You must log in to edit PetroWiki. Help with editing

Content of PetroWiki is intended for personal use only and to supplement, not replace, engineering judgment. SPE disclaims any and all liability for your use of such content. More information


Gels for conformance improvement

PetroWiki
(Redirected from Gels)
Jump to navigation Jump to search

Gels are a fluid-based system to which some solid-like structural properties have been imparted. In other words, gels are a fluid-based system within which the base fluid has acquired at least some 3D solid-like structural properties. These structural properties are often elastic in nature. This article discusses the use of gels in conformance improvement treatments.

Definitions

All of the conformance improvement gels discussed are aqueous-based materials. The term “gel” as used in this page (unless specifically noted otherwise) refers to classical, continuous, bulk, and “relatively strong” gel material and does not refer to discontinuous, dispersed, “relatively weak,” microgel particles in an aqueous solution. Gels discussed in this page, when formed in a beaker for example, constitute a single and continuous gel mass throughout its entire volume within the beaker. The term “gelant” refers to a gel fluid before any appreciable crosslinking of the gel’s chemical building blocks has occurred.

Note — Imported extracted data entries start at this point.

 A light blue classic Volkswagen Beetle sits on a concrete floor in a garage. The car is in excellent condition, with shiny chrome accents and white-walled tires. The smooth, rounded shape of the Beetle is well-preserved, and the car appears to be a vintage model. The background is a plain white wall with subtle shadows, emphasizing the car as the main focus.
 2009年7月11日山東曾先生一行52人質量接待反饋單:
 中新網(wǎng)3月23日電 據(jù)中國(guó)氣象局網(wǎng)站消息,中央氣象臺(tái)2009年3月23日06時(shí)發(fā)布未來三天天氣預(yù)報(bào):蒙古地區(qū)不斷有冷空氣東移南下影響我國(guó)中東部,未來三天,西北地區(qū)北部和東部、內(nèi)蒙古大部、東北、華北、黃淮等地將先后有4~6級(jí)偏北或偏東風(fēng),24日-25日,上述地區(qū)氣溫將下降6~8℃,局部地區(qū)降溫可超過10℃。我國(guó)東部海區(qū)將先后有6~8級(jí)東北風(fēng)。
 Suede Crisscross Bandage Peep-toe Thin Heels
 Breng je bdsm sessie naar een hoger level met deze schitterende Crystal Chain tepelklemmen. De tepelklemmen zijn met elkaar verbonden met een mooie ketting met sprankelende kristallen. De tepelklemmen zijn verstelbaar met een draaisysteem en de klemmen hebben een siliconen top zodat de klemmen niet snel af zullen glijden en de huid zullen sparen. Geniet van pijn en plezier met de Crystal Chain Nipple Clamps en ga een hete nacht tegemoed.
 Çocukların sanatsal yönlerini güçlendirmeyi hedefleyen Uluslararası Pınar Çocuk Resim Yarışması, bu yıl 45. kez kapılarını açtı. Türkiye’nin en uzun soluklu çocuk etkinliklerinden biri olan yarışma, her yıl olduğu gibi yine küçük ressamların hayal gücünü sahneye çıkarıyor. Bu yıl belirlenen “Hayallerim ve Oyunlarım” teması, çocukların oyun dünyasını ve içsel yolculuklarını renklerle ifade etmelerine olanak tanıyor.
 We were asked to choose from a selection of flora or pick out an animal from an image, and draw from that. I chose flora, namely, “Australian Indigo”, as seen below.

The term gel refers to a gel fluid that has attained either partial or full chemical-crosslinking maturation. Types of gels used for conformance improvement discusses polymer gels, as well as inorganic gels and monomer gels. Resin treatment for conformance improvement briefly discusses a conformance-improvement plugging material (i.e., a resin) that involves an organic-fluid-based gel.

An older definition of gel is “a jelly-like substance formed by the coagulation of a colloidal solution into a semisolid phase.” In modern oilfield and technical literature, the term gel includes the elastic and semisolid material that results from chemically crosslinking together water-soluble polymers in an aqueous solution. Crosslinked-polymer gels can possess rigidity up to, and exceeding that of, Buna rubber. They contain polymer concentrations in the 150 to 100,000 ppm range (but more commonly 2,000 to 50,000 ppm and most commonly 3,000 to 12,000 ppm). Gels are often formulated with relatively inexpensive commodity polymers.

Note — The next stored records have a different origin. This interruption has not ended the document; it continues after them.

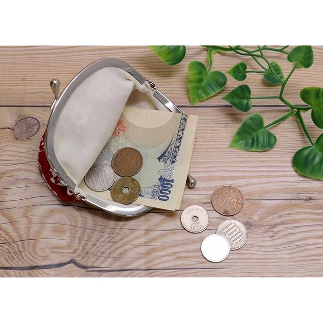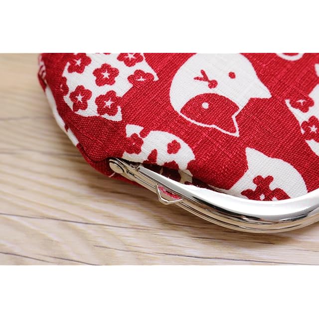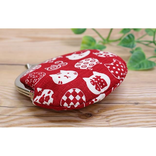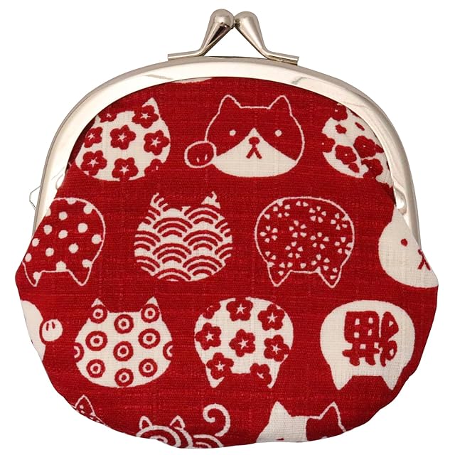 京佑(Kyoyu) 日本製 がま口 財布 小銭 小物入れ 猫柄 にゃんこもん 3.3寸 12×11.5cm 赤
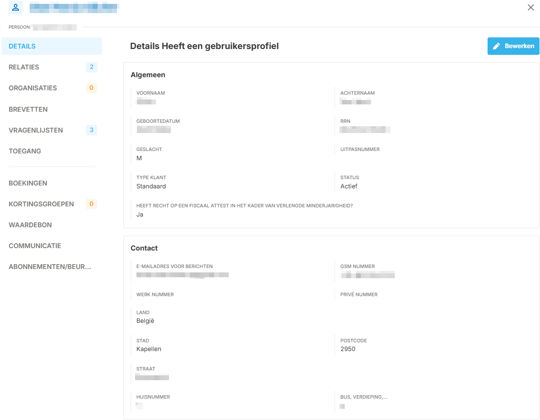 Op de detailpagina van een persoon krijg je een overzicht van alle informatie van de persoon
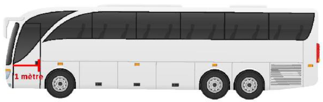 | 2 stickers sur le premier mètre avant du véhicule, soit 1 à gauche et 1 à droite et à une hauteur comprise entre 0.90 et 1.50 m du sol.
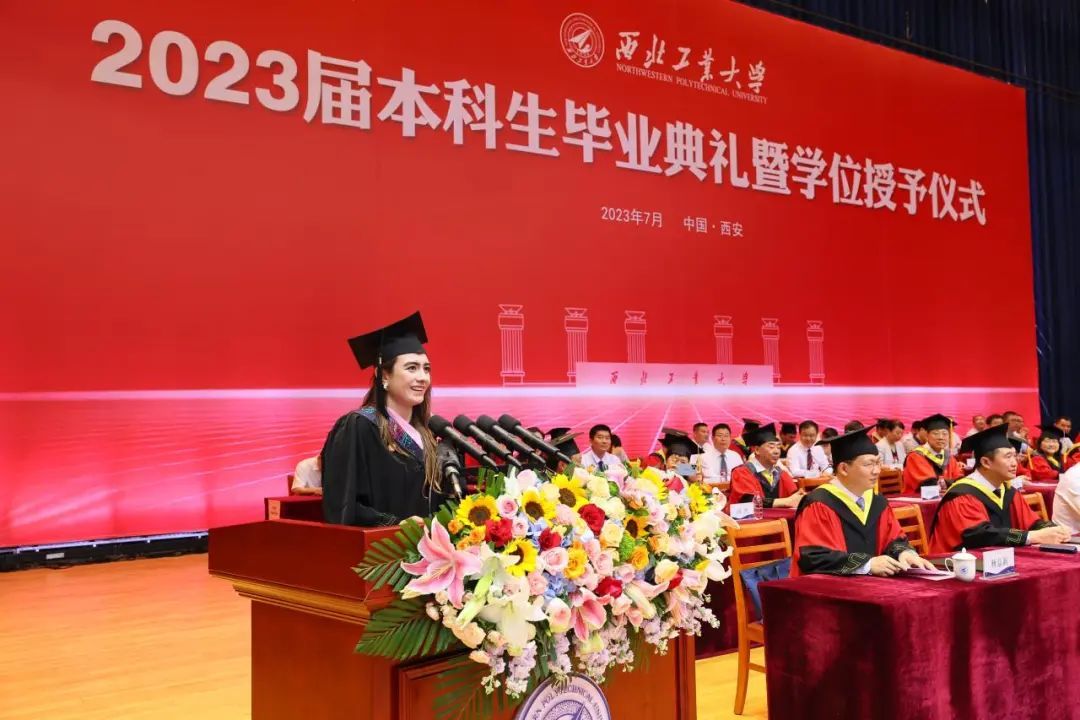 留学生代表、管理学院毕业生,来自墨西哥的丁雪儿(Felix Encinas Michell Aileen)向大家分享了自己的在BEAT365英国官网学习生活的感悟。她说,离开远在太平洋另一边的家乡来到中国留学,语言、生活和学习过程都给自己带来了许多挑战,但BEAT365英国官网人的精神面貌深深感染了她。在这里,师生们的科研成果层出不穷,创新创业硕果累累,这都激励着她不断突破自我,追逐梦想。未来,她将回到墨西哥的中国企业工作,向着胸怀天下、引领未来的目标不断前行!

Gels have found broad application as oilfield fluid-flow blocking agents because gels are often a cost-effective plugging and/or permeability-reducing agent for use in a number of different conformance improvement treatments. Conformance improvement gels are, for the most part, essentially nothing but water with the remainder of the gel constituents incorporated as low concentrations of relatively inexpensive polymers and chemical crosslinking agents. The water used to generate these gels can be anything from fresh water to specially prepared salt solutions like 2% KCl or even production water. The water chemistry can influence several of the gel properties so careful evaluation of the mix water is needed to understand the expected performance of the gel.

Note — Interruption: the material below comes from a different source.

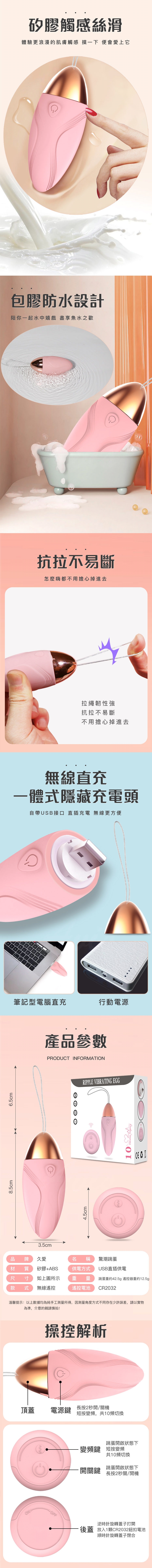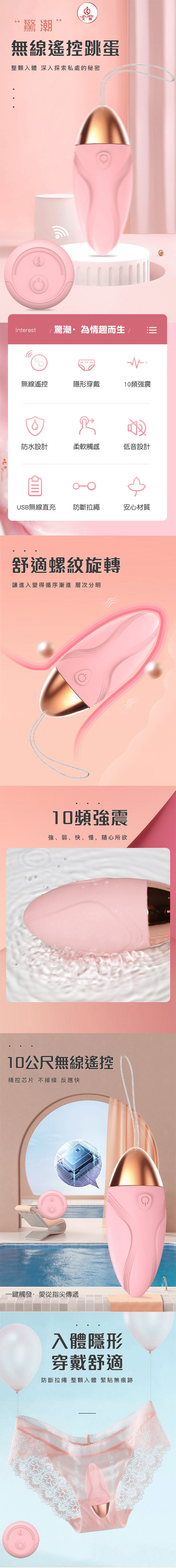 名稱:驚潮 10段變頻柔軟矽膠遙控跳蛋-粉色
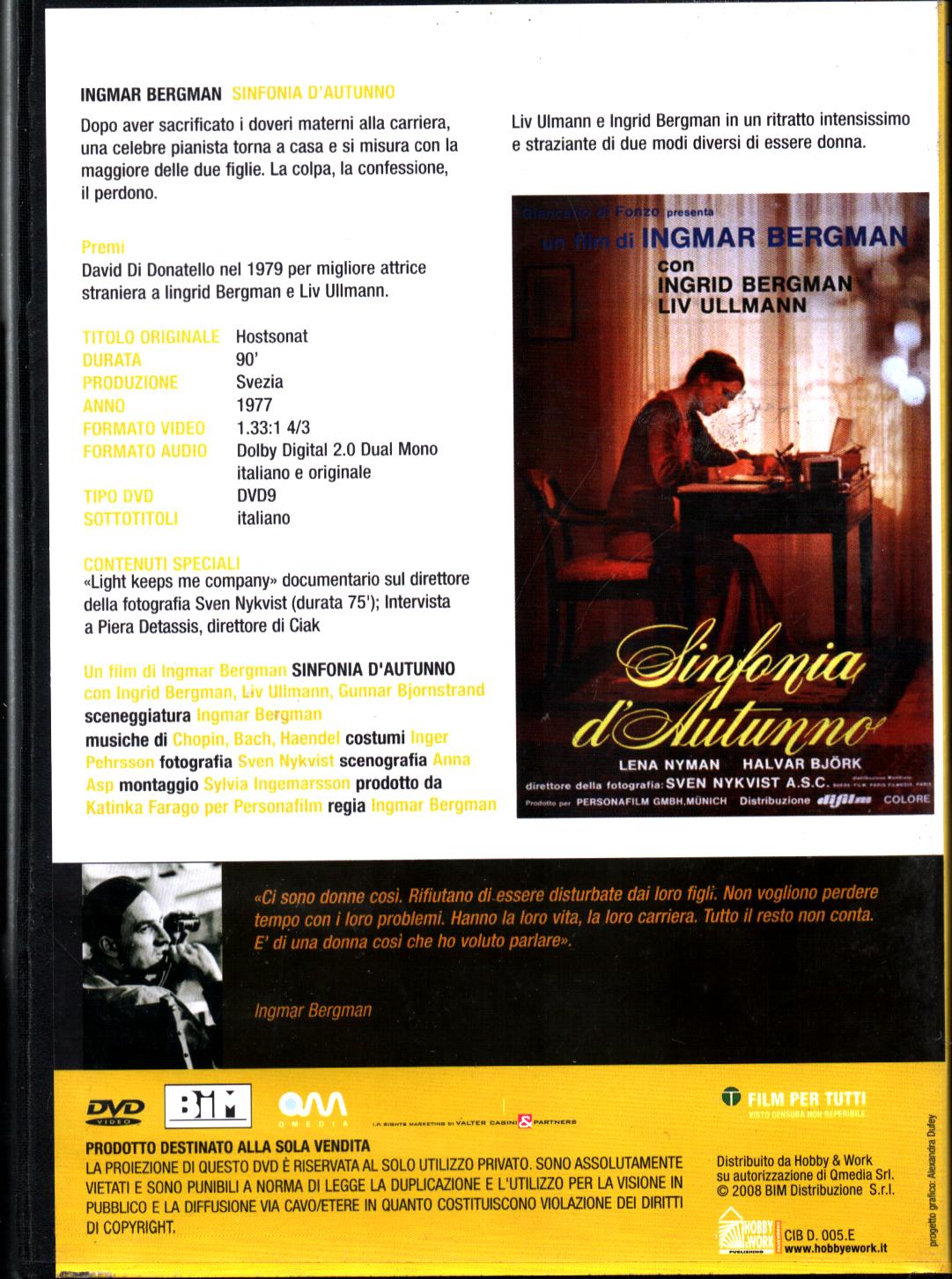 | Titolo: | SINFONIA D’AUTUNNO DVD in Italiano Versione da edicola Ingrid Brergman |

Gel conformance improvement treatments

Conformance Gels are generally used to block either matrix rock with high permeability, or in some case VSC (Void Space Conduits) such as induced or natural fractures, dissolution channels or sand production wormholes. In either case the intent is for the gel to block these features and divert flow into the rock matrix with higher oil saturations, thereby promoting improved flood sweep efficiency and incremental oil production. Other benefits like reduced operating costs and indirect rate benefits from a more efficient use of the fluid can also be realized.

Oilfield gel conformance treatments can be applied in a number of forms including sweep improvement treatments, water shutoff treatments, gas shutoff treatments, zone abandonment treatments, squeeze and recompletion treatments, and water and gas coning treatments involving fractures and other linear-flow high permeability reservoir anomalies. Gels are particularly effective for treating oil production coning problems when the coning is occurring via linear flow in “vertical” fractures which are a form of VSC.[1][2]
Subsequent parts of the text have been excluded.